Systematic exclusion or inclusion—occurs when the method of choosing participants favors certain groups over others, making the sample unrepresentative from the start
Root cause is the selection mechanism itself, not who chooses to participate; the researcher's process creates the problem
Threatens external validity because conclusions drawn from a biased sample cannot be generalized to the broader population

Undercoverage Bias

Certain population groups are inadequately represented or entirely missing from the sample, often due to a flawed sampling frame
Common culprits include outdated lists—phone directories miss cell-only households, voter rolls miss recent movers
Systematically excludes demographics that may differ meaningfully on the variable being studied, skewing results in a predictable direction

Sampling Frame Bias

The list used to draw the sample doesn't match the target population—if your frame is incomplete, your sample inherits those gaps
Outdated or incomplete frames create undercoverage; the frame defines who can possibly be selected
Directly limits generalizability because people not on the list had zero probability of selection, violating random sampling assumptions

Convenience Sampling Bias

Samples drawn from easily accessible groups rather than through random selection—think surveying students in your own class or shoppers at one mall
Prioritizes ease over representativeness, introducing systematic differences between your sample and the population
Almost always produces biased results because accessible groups typically share characteristics (location, schedule, interests) that correlate with the variable of interest

Compare: Undercoverage bias vs.
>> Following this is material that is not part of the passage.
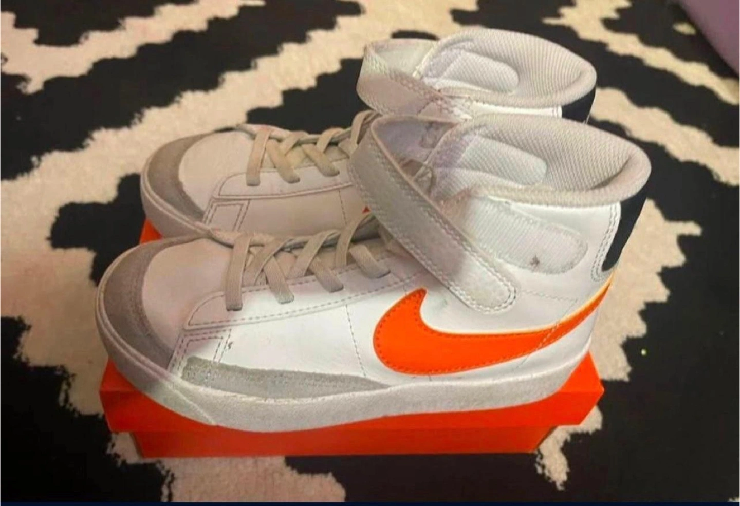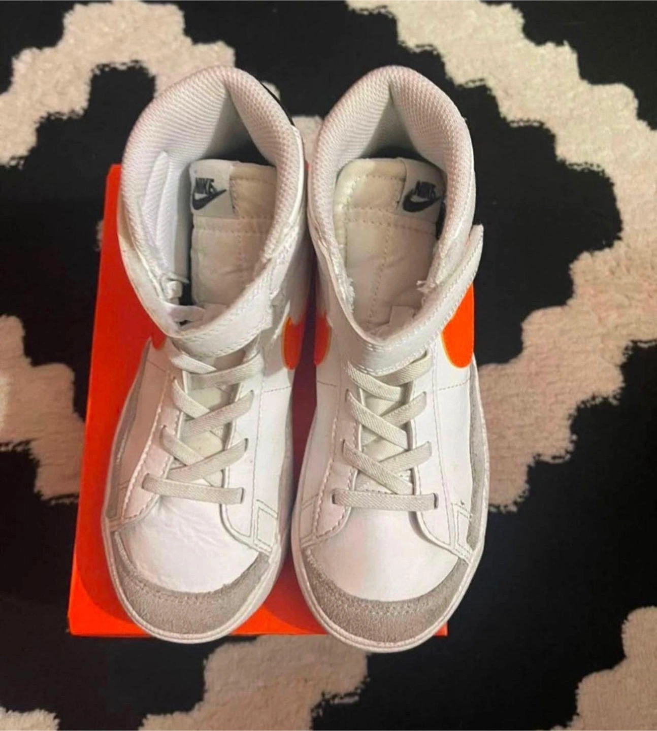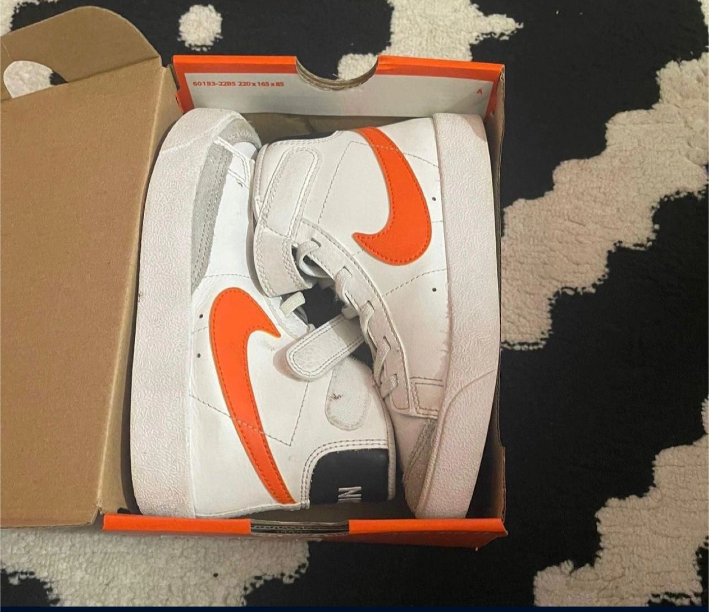 95Selling a pair of Nike Blazer Mid '77 toddler shoes in size 1Y !These cute sneakers feature a white and orange colorway with the iconic Nike swoosh. They come with the original box! RETRO LOOK. TRUSTED COMFORT. For kids 6-9 years Your little baller can rule the sneaker game in the Nike Blazer Mid '77. They were given to my son as a gift. He used them twice and they are like new. He is selling them because he doesn't like them anymore. The vintage look and comfortable feel help this court classic transcend the hardwood into a legend of street style. Solid rubber sole delivers traction and durability. Mid-rise collar provides stability and a natural fit for little feet. Elastic laces and a hook-and-loop strap create a secure fit that's easy to take on and off. size 1Y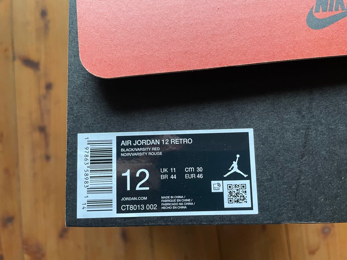 30cm Nike Air Jordan 12 Retro Flu Game Black Varsity Red 2025 ナイキ エア ジョーダン12 レトロ フルゲーム ブラック バーシティレッド

Sampling frame bias—both involve missing groups, but undercoverage can occur even with a good frame (through bad sampling), while frame bias means the list itself is flawed. On FRQs, identify where the problem originates: the list or the selection process.

Biases from Participation Patterns

Even with a perfectly selected sample, bias can enter when who actually participates differs systematically from who was selected. These biases emerge from the gap between your intended sample and your actual respondents.

Non-Response Bias

Selected individuals fail to respond, and their characteristics differ meaningfully from those who do respond
Creates bias only when non-response is related to the survey topic—if health survey non-respondents are sicker than respondents, results underestimate health problems
Can be reduced through follow-ups, incentives, and shorter surveys, but never fully eliminated; always report response rates

Voluntary Response Bias

Self-selection attracts people with strong opinions, while those with moderate views rarely bother to participate
Classic examples include call-in polls, online reviews, and comment sections—extreme voices dominate because motivation to respond correlates with intensity of opinion
Results skew toward extremes and cannot represent the population; this is why voluntary response samples are essentially worthless for inference

Compare: Non-response bias vs. Voluntary response bias—both involve who chooses to participate, but non-response starts with a random sample where some don't respond, while voluntary response never had random selection to begin with. Non-response can sometimes be addressed; voluntary response is fundamentally flawed by design.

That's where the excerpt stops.